Which Districts in Your Portfolio Are Federally Dependent? The Audit Your City Hasn't Done.
The federal partner is leaving the room. Most cities have no systematic way to know which of their districts were designed around that partner's presence — and which can hold without it. That audit is now urgent.
The March editorial named a structural condition that most of the district sector has not yet engaged with directly: special tax districts in America were built over the last fifty years in a funding ecosystem that included a federal partner. Lease revenues from federal offices anchored weekday foot traffic in commercial corridors. CDBG grants funded the planning work, small business support, and corridor infrastructure investments that districts leveraged. EDA grants capitalized the transit and streetscape projects that made districts viable. And the administrative capacity of federal agencies — the staff who processed grants, managed reporting, and built relationships with local economic development offices — made all of it work at the operational level.
The federal partner is leaving the room. Most cities have no systematic way to know which of their districts were designed around that partner's presence — and which can hold without it.
That ecosystem is contracting. DOGE has terminated nearly 700 federal leases. The Trump administration's FY2026 budget proposed eliminating CDBG entirely. HR2766 — the Special District Fairness and Accessibility Act, which passed the House 352-27 and has bipartisan Senate sponsorship — cannot advance through the Senate. And the administrative capacity that delivered federal dollars to local corridors has been deliberately reduced across multiple agencies. The direction of travel is structural. It is not reversing in the next electoral cycle regardless of who holds the White House.

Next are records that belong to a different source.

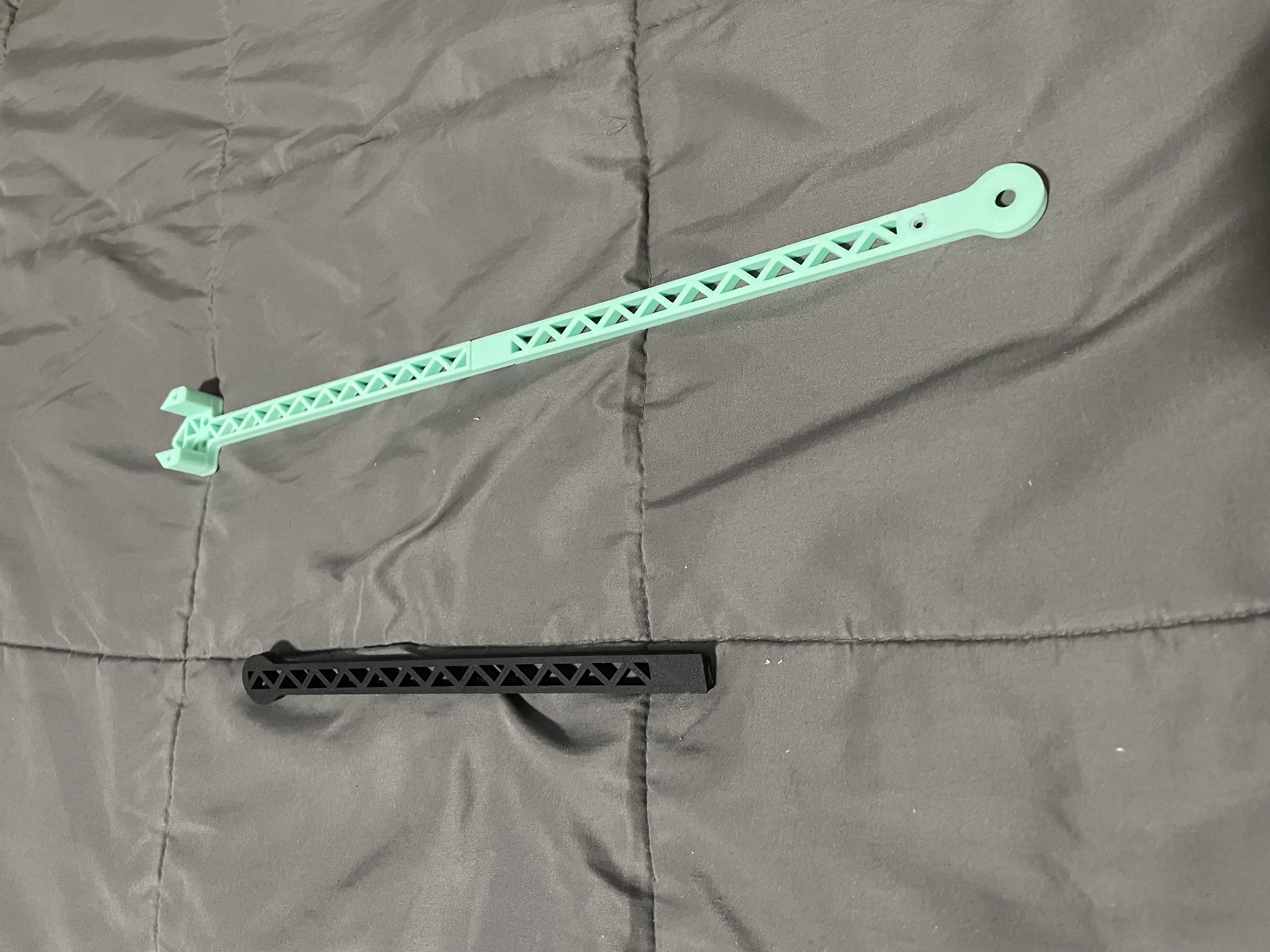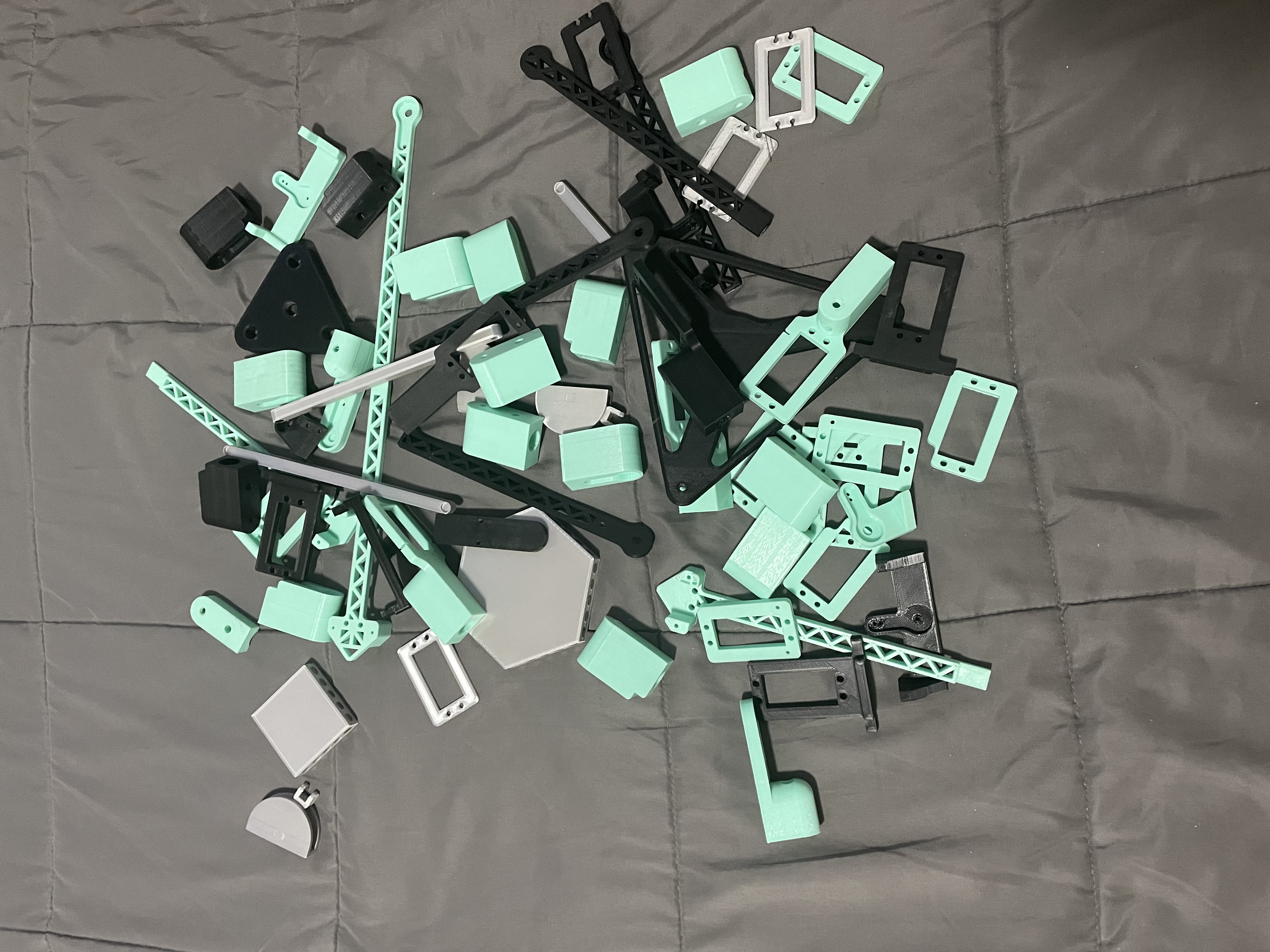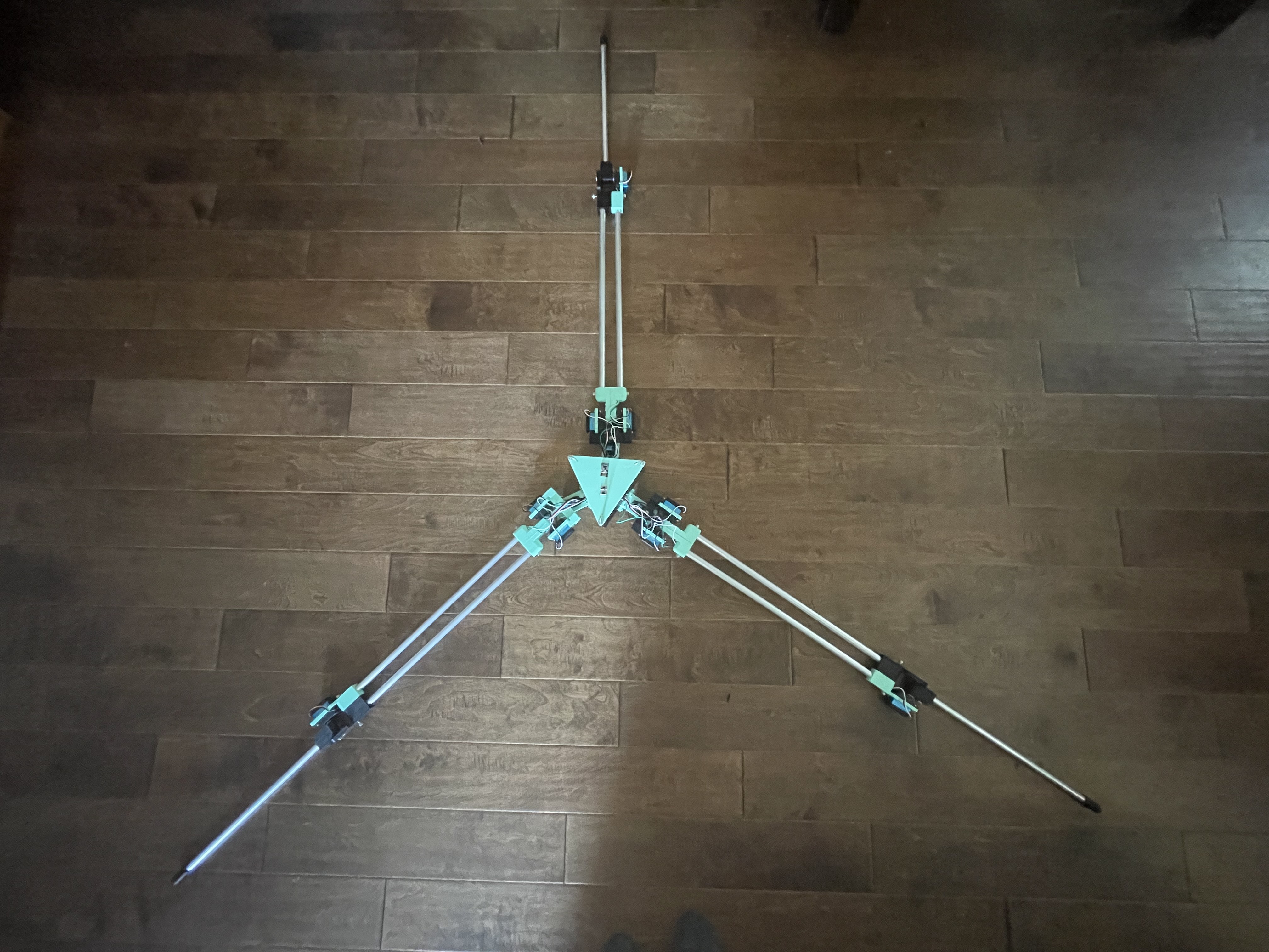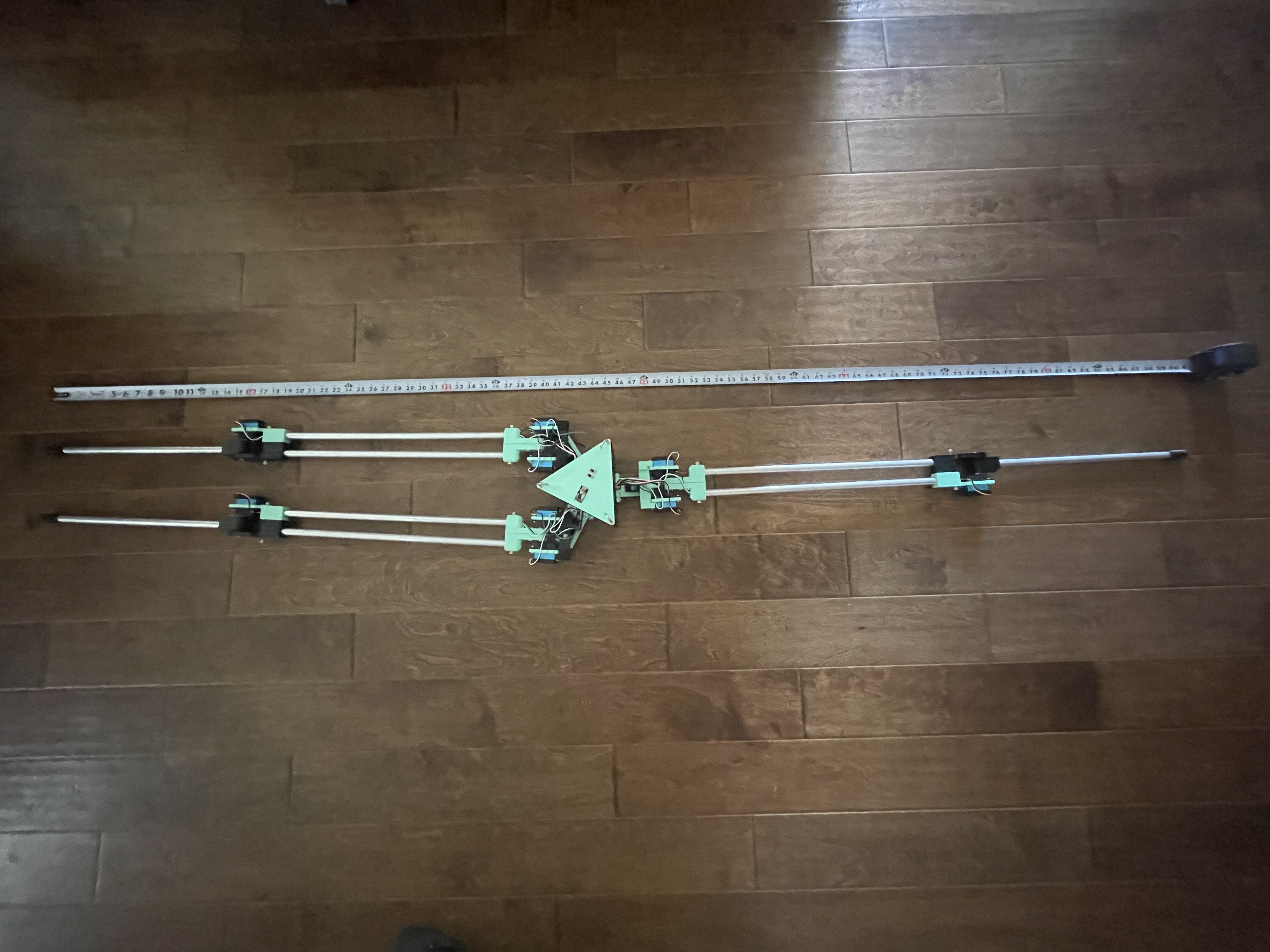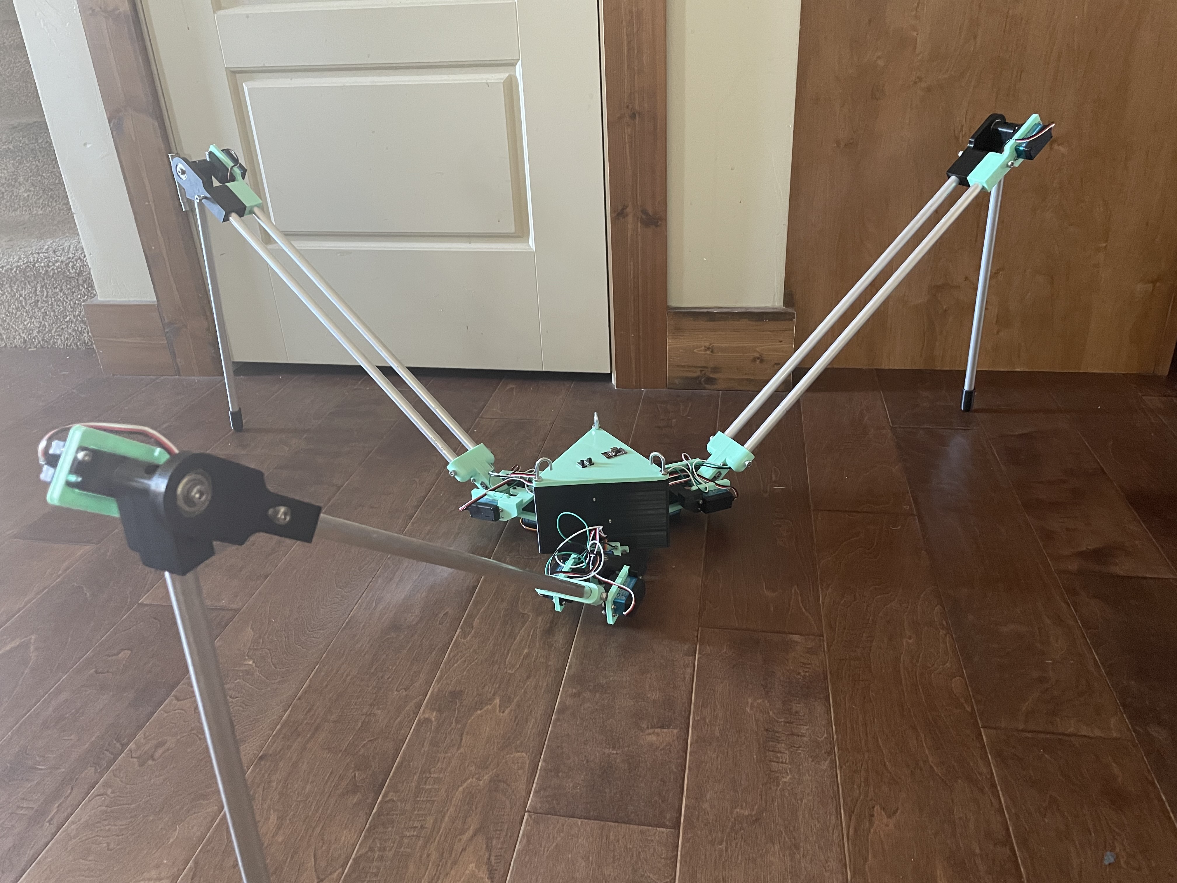 So where are we now? Well, it works! Kind of. The system as a whole is functional, the robot can move on its own, but the servos are currently running at low current, so it isn't very fast. This will likely be solved with a larger battery pack. The size is significantly smaller, at arond 7' 4" when at its longest. This has made it significantly easier to work with. This will likely come down more as the design is refined.
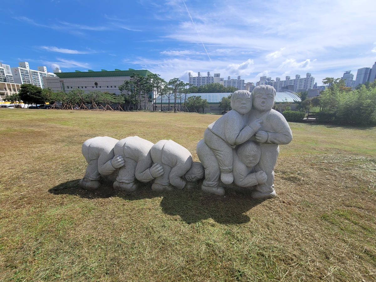 어린이공원에 있는 재미있는 조각상인데요, 광주리에 과일을 지고 등에는 아이를 업은 엄마, 강강술래, 말뚝박기 등의 조각 앞에서 포토존으로도 인기가 많겠네요. 말뚝박기는 한국의 전통 놀이인데요, 제가 어릴 때만 해도 많이 하고 놀았죠. 조각상을 자세히 보니 힘들어하는 표정 등이 아주 익살스럽고 재미있습니다.
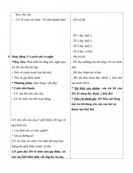 4. Hoạt động 3: Luyện nói và nghe
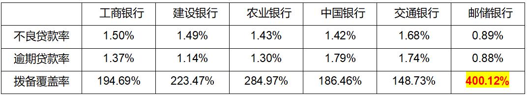 2、 邮储银行的不良率、逾期率是大行中最低的,资产质量高;
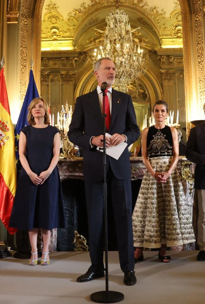 Los Reyes de España, Felipe VI y Letizia Ortiz, llegaron a París para asistir a los actos con motivo del inicio de los Juegos Olímpicos de París 2024, y allí recibieron a los miembros del Comité Olímpico Español que participarán en esta cita deportiva global. Para el primer acto antes de la ceremonia inaugural que tendrá lugar mañana viernes 26 de julio por la tarde, celebrado en la Embajada de España en la capital francesa, la royal adoptó un increíble vestido bordado de Dior.
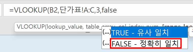 false를 쓰면 정확히 일치하는 값을 찾는다. false 대신 0으로 쓸 수도 있다.
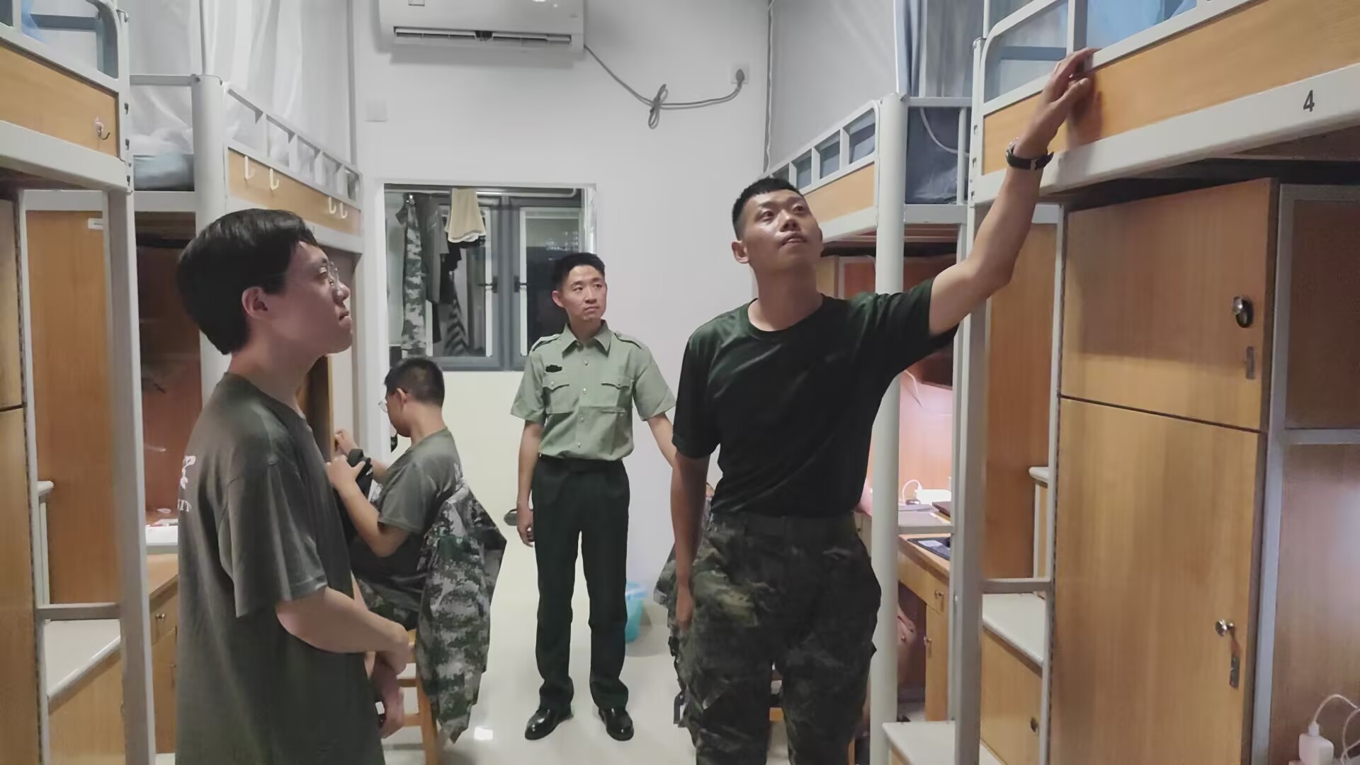 走进新生寝室,教官及辅导员严格对照军训内务规范,以“高标准,严要求”逐一检查宿舍。重点关注宿舍卫生状况,既包括地面清洁、垃圾及时清理等基础要求,又着眼于细微之处,检查阳台及卫生死角,要求晾晒的衣物排列有序、朝向统一,杜绝杂乱堆放,于细微处见严谨。

The question for city economic development staff managing district portfolios is not whether this matters. It is which of your districts are materially exposed — and what that exposure actually means operationally.
Four Dimensions of Federal Dependency
Federal dependency in a district portfolio shows up in four distinct ways, each requiring a different response.
The first is tenant dependency: districts whose assessment base includes significant federal office occupancy. When federal agencies consolidate, downsize, or vacate, those buildings lose commercial tenants, generating assessment pressure and programming obsolescence simultaneously. Washington DC's ten BIDs are the extreme case, but mid-market cities with significant federal agency presence — Kansas City, Atlanta, Denver, Albuquerque — carry versions of this exposure that their district enabling documents do not reflect.
The second is grant dependency: districts whose programming budgets assume CDBG-funded city support, EDA-funded infrastructure grants, or federal pass-through resources that flow through the city to district corridors. This is frequently invisible in district financial statements because the federal money shows up as city funding. When the city loses the federal grant, the district loses the city program — and the district's enabling documents describe no mechanism to address the gap.
The third is capital dependency: districts whose long-term growth plans require federal infrastructure investment they cannot capitalize locally. The KC Streetcar TDD is the clearest current example: a genuinely self-reinforcing operations model, assessment-funded and sales-tax-grown, that cannot build its next line without federal grants. The self-reinforcing model solves the operations problem. It does not solve the capital problem. Any district with unfunded capital projects in its development plan that assume federal participation has this exposure.
The fourth is recognition dependency: districts that cannot directly access federal grant programs because they are not recognized as eligible units of local government under federal law. This is the HR2766 problem. Until OMB issues the guidance that bill would require, many special districts must route federal grant applications through their city — creating administrative overhead, timing delays, and political friction that limits the total federal resources accessible to district corridors. If HR2766 stalls permanently, that dependency is structural rather than temporary.
The Audit Framework
A federal dependency audit for a city district portfolio does not require sophisticated modelling. It requires answering four questions for each district under management, in sequence.
First: what percentage of the district's assessed property base is occupied by federal tenants? Any district where federal occupancy exceeds 15% of assessed value warrants a formal scenario analysis of what the assessment base looks like if that occupancy contracts by half. This is now a routine risk management question, not an edge case.
Second: what city programming within the district boundary is funded wholly or partially by federal grants that flow through the city? CDBG-funded small business technical assistance, EDA-funded corridor streetscape grants, federal transportation funding for pedestrian infrastructure — any of this that the district's programming plan assumes will continue needs to be modelled against a scenario in which it does not.
Third: does the district's long-term development plan contain capital projects that require federal co-investment to advance? If yes, what is the local-only financing alternative, and has that alternative been costed? Districts with unfunded federal-dependent capital projects should either develop credible local-only alternatives or formally revise their development plans to remove projects that are not viable without federal participation.
Fourth: is the district currently able to apply directly for federal grants, or does every federal application route through the city? If the latter, the city should be actively supporting HR2766 and S.2014 — not as abstract advocacy but as a concrete operational interest. Direct district eligibility reduces administrative burden, accelerates grant timelines, and expands the total federal resources accessible to the portfolio.